It’s always been my inclination to speak to little kids as if they were 28 years old. That’s how I spoke to my sons when they were tykes. I simplified my words, of course, and spoke a bit more slowly. I always looked them right in the eye and shrugged my shoulders and behaved as if they were on an equal footing with me and vice versa. I tried to radiate calmness and coolness.
When I meet a kid I generally don’t flash one of those shit-eating, God-loves-you grins like Mr. Rogers did on “Mr. Rogers’ Neighborhood.” I figure that a 28 year-old in a small frame doesn’t need that patronizing nursery-school crap. I’m presuming they can smell that, the way adults behave when a kid is around. I can remember being three or four and vaguely resenting it when some older uncle or aunt or stranger would speak to me like Mr. Rogers did on the show, talking in a higher-pitched voice and smiling too broadly and leaning forward and blah blah.

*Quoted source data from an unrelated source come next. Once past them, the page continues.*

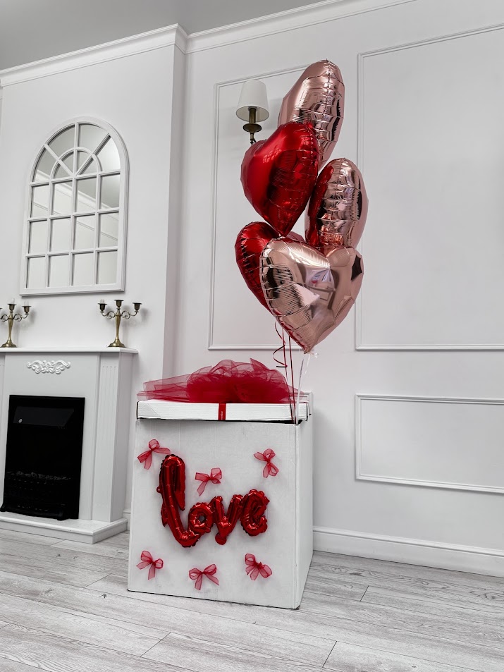 В наборе коробка, надпись, банты, шары сердце 5 шт., грузик
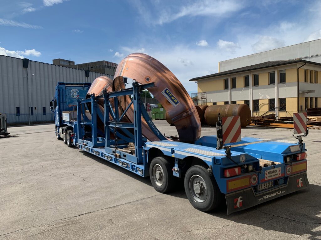 This is confirmed by the long-lived trust given to us by a leading brand in the design and construction of distillation systems for which we have just completed the creation of an outwards beaded shallow dished head of Ø 3380 mm and flanged concentric cone with a greater Ø 3680 mm in annealed copper.
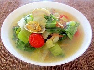 ちんげん菜とアサリとプチトマトのカレースープ
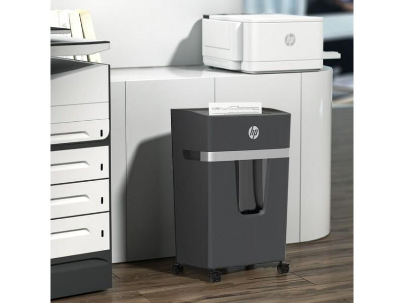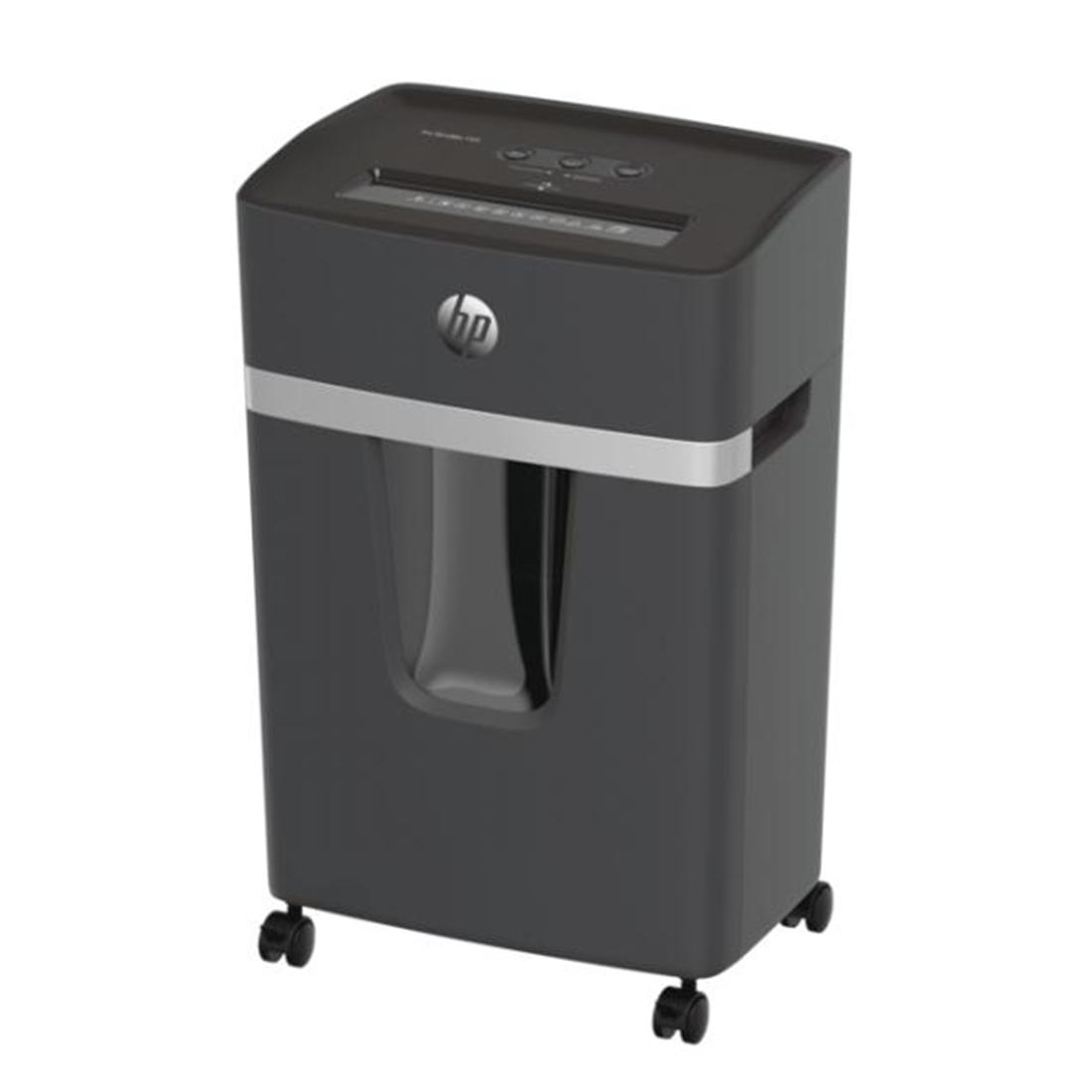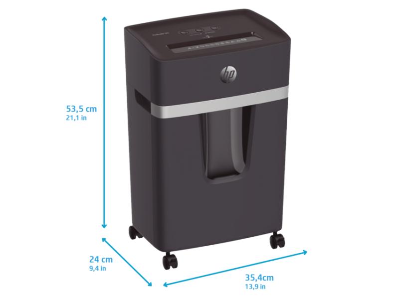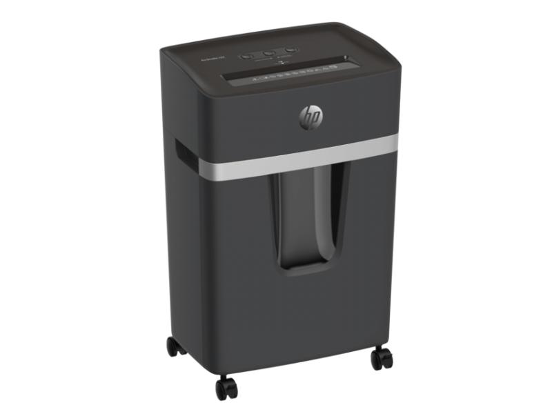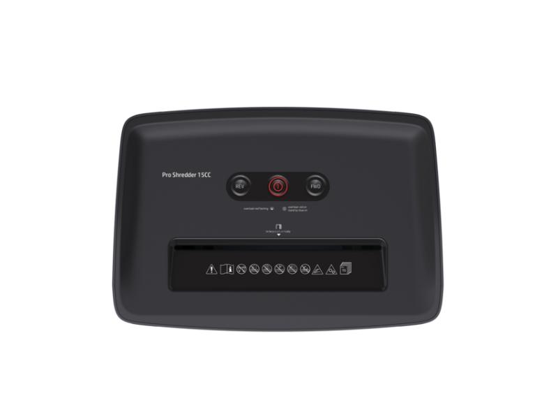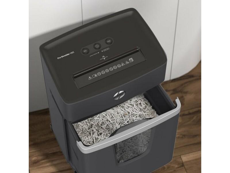 Елегантният HP Pro Shredder 15CC в черен дизайн пасва на всяко бюро и не трябва да липсва в нито един офис. С капацитет на унищожаване от 15 листа A4, шредерът на документи унищожава чувствителните ви фирмени данни напречно нарязани на изрезки с размери 4x35 мм и по този начин отговаря на високите изисквания за ниво на сигурност P-4. Това гарантира унищожаването на лични документи като трудови договори или ведомости за заплати в съответствие с директивата за защита на личните данн. Удобният шредер със заключващи се колелца печели точки в сравнение с подобно устройство от серията OneShred с особено тих работен шум от само 55 децибела и по-дълго време на работа от 20 минути.
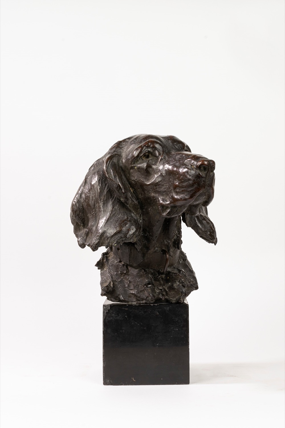 firmato Laforet sul guinzaglio. Poggiante su base cubica in marmo nero (lievi difetti)firmato Laforet sul guinzaglio. Poggiante su base cubica in marmo nero (lievi difetti)
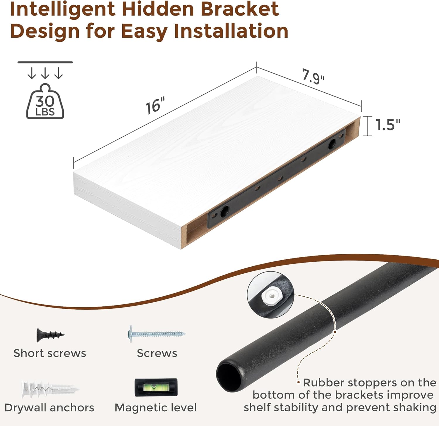 - 【Easy To Install】This white floating shelves not only come with stainless-steel galvanized invisible brackets, but also equipped a fixing screw at the bottom to fix the shelf on the support rod, which solves the problem of sliding and is not easy to damage, and can be used for a long time. Instructions, magnetic level, drywall anchors, and screws included.
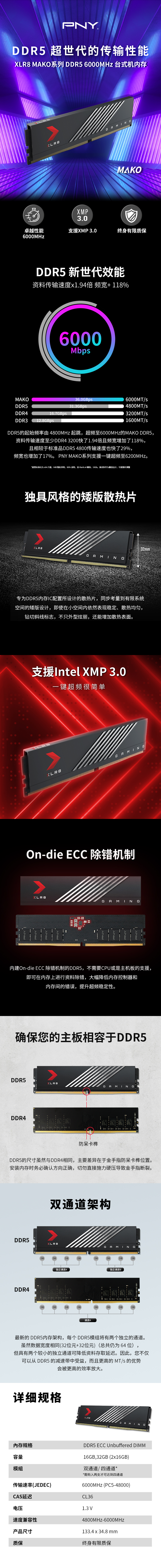 XLR8 DDR5 6000MHz MAKO Low profile 臺式機(jī)內(nèi)存
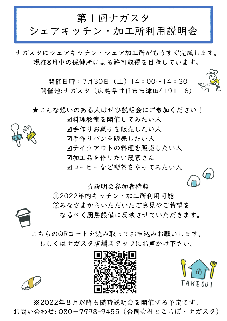 2022/07/23 13:17ナガスタクラウドファンディング支援者の皆さま 長らくお待たせしてしまいましたが、ナガスタにもうすぐシェアキッチン・シェア加工所が完成します。現在8月中の保健所による許可取得を目指しています。 そして、7月30日に『第1回ナガスタ シェアキッチン・加工所利用説明会』を開催する事となりました。皆さまのご参加お待ちしております。開催日時:7月30日(土)14:00~14:30開催地:ナガスタ(広島県廿日市市津田4191−6)★こんな想いのある人はぜひ説明会にご参加ください! ☑料理教室を開催してみたい人 ☑手作りお菓子を販売したい人 ☑手作りパンを販売したい人 ☑テイクアウトの料理を販売したい人 ☑加工品を作りたい農家さん ☑コーヒーなど喫茶をやってみたい人☆説明会参加者特典 ①2022年内キッチン・加工所利用可能 ②みなさまからいただいたご意見やご希望をなるべく厨房設備に反映させていただきます。こちらのURLのリンクからお申込みをお願いします。⇒ https://docs.google.com/forms/d/e/1FAIpQLSfyzmOlk_pwTSUZ6A3nCtKhSZp1sxfbOVfCUpD--sLyxmSJOQ/viewformもしくはナガスタ店舗スタッフにお声かけ下さい。※2022年8月以降も随時説明会を開催する予定ですので、今回は参加が難しいという方もぜひいつかご参加いただけたら幸いです。お問い合わせ: 080−7998-9455(合同会社とこらぼ・ナガスタ)【Instagram】https://instagram.com/nagasuta.saiki?igshid=YmMyMTA2M2Y=【公式LINE】https://lin.ee/wVFLvOP引き続き、ナガスタの応援をどうぞよろしくお願いいたします。スタッフ一同 もっと見る
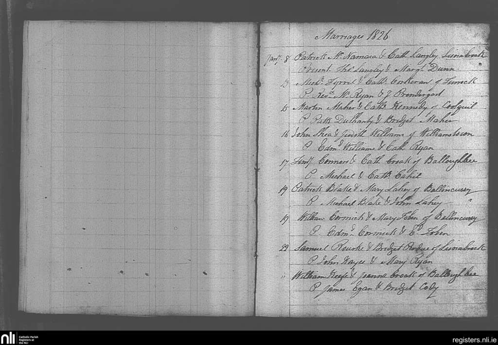 Ballingarry; County of Tipperary; Diocese of Cashel and Emly. Marriages, Jan. 1826

Don’t get me wrong. I respect and admire Morgan Neville‘s Won’t You Be My Neighbor?, and I’m glad it’s already caught on with ticket buyers. (Since opening on 6.8 and in only 29 theatres, it’s made $1,691,704.) It’ll probably be nominated for a Best Feature Documentary Oscar, and I wouldn’t be surprised if it wins.
Do I think that the vibe of kindness and caring that the film radiates…do I think this special warmth, this dandelion pollen from Planet Rogers is what we all could use to de-toxify those awful, noxious Trump vibes? Can the spirit of Mr. Rogers reach out from behind the membrane and heal our country’s divisions?
Naahh. I think you could feed bowls of kindness and consideration and emotional caresses to Trump voters from now until doomsday and they’d still be clueless fucks. They’re damaged, deluded. Hell, many of them are racist ghouls. Redemption for folks of this sort is generally out of the question. I don’t want to listen to these monsters — I want to defeat them at the Battle of Gettysburg.
And speaking of Republicans, there’s something a tiny bit bothersome about the fact that Fred Rogers was one of them. I can’t shake this off. A lifelong Republican, I’ve read. Which meant what exactly? That he probably voted for Eisenhower and Nixon, probably believed in “traditional values”, probably approved of the Vietnam War, was probably skeptical of the anti-war left? You tell me.
Won’t You Be My Neighbor? is doing well, I suspect, because the little kids who loved Mr. Rogers 40 or 50 years ago are now in their 50s or 60s and are probably looking to re-experience that tenderness, those feelings, that kindly atmosphere. But I also suspect (this is just a guess) that this film is reaching only to 50-plus types. Okay, maybe to their kids or grandkids in some instances. It’s almost certainly not touching under-35 types. It’s an analog memory-lane thing.
From Owen Gleiberman’s Variety review: “To see Won’t You Be My Neighbor? is to be moved, in the end, to tears by the audacity of what Rogers incarnated: the belief that we stop listening to each other at our peril, and that the spirit of higher listening — of love — could be spread through the medium of television. Fred Rogers, in his way, was an activist (in one startling clip, we see him literally save public television with his testimony before Congress). But he was also a forward-thinking individual who says, in one unusually direct and serious interview clip, that it’s essential for us to make ‘goodness’ a foundation of ‘the so-called next millennium.’
“That’s the counterculture we need now. What he means, I think, is that if we don’t ratchet up the goodness, there may not be a next millennium.”
Owen, you’re dreaming. Or rather Mr. Rogers was, and watching this movie was like saying hello to this nice fella again, and it made you feel good. And that’s all. Leave it at that.